All directories referred to in the next section are relative to <jboss-home> i.e top directory of the JBoss installation. As shown in Figure 2.1. directories are the following:
All the binaries included with JBoss distribution are located in this directory. Using the Batch (Windows) or Shell (UNIX) scripts here, you can start the server. You can also run the EJX deployment descriptor editor by double-clicking on it (if your platform supports that) or issuing the command: java -jar ejx.jar
The two directories contain java libraries in jar and zip format that JBoss uses. There is a split between those libraries which had to be in the system classpath (.ie jars in lib directory) vs the other ones in lib/ext directory that are made available to the JBoss server MLet based classloader.

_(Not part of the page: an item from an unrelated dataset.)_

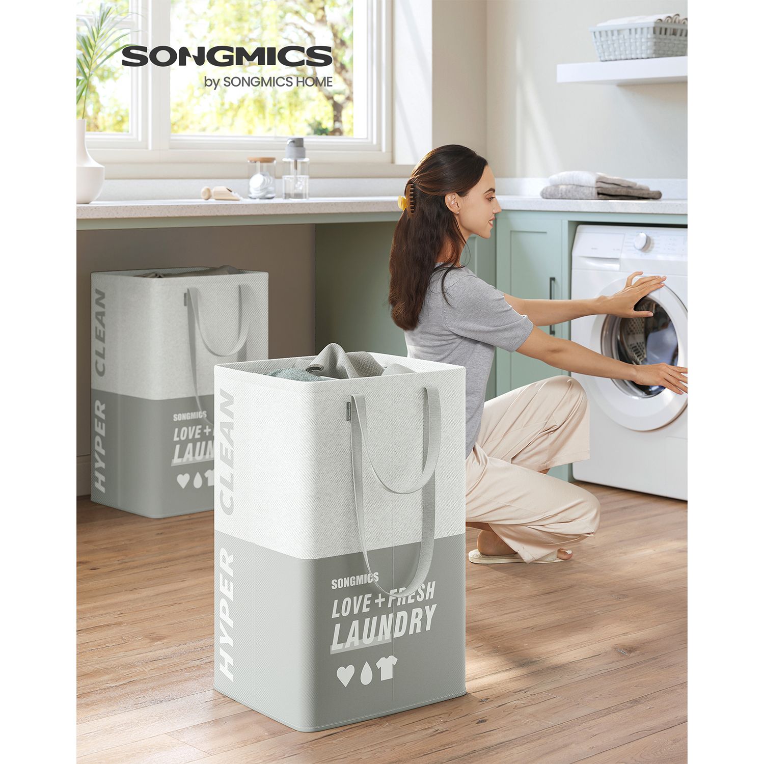 Šis 2 vnt. skalbinių krepšelių komplektas su 2 skyriais yra puikus pasirinkimas tvarkai palaikyti jūsų namuose. Krepšeliai yra šviesiai pilkos spalvos, todėl lengvai derės prie bet kokio interjero.

If there is a need to add some java libraries to JBoss, for example jdbc driver jars, these should be dropped in lib/ext directory and will be picked up by JBoss automatically.
Directory containing hypersonic and instantdb databases related files (configuration files, indexing tables etc ) as well as JBossMQ - JMS provider message queue files.
This is JBoss's deployment directory. Just drop your jars here and they will be deployed automatically.
JBoss log files are located in this directory. File logging is turned on by default.
JBoss configuration set(s) are located here. By default there is only one configuration set - "default". Adding more than one configuration set is permitted. See the section called “Configuration files” for more details.
Libraries required for clients are in the client directory. A typical client requires jboss-client.jar, jbosssx-client.jar, jaas.jar, jnp-client.jar, ejb.jar, and jta-spec1_0_1.jar. If you client is not running JDK 1.3, it will require jndi.jar as well. If you are going to be using JBossMQ JMS provider you will also need jbossmq-client.jar.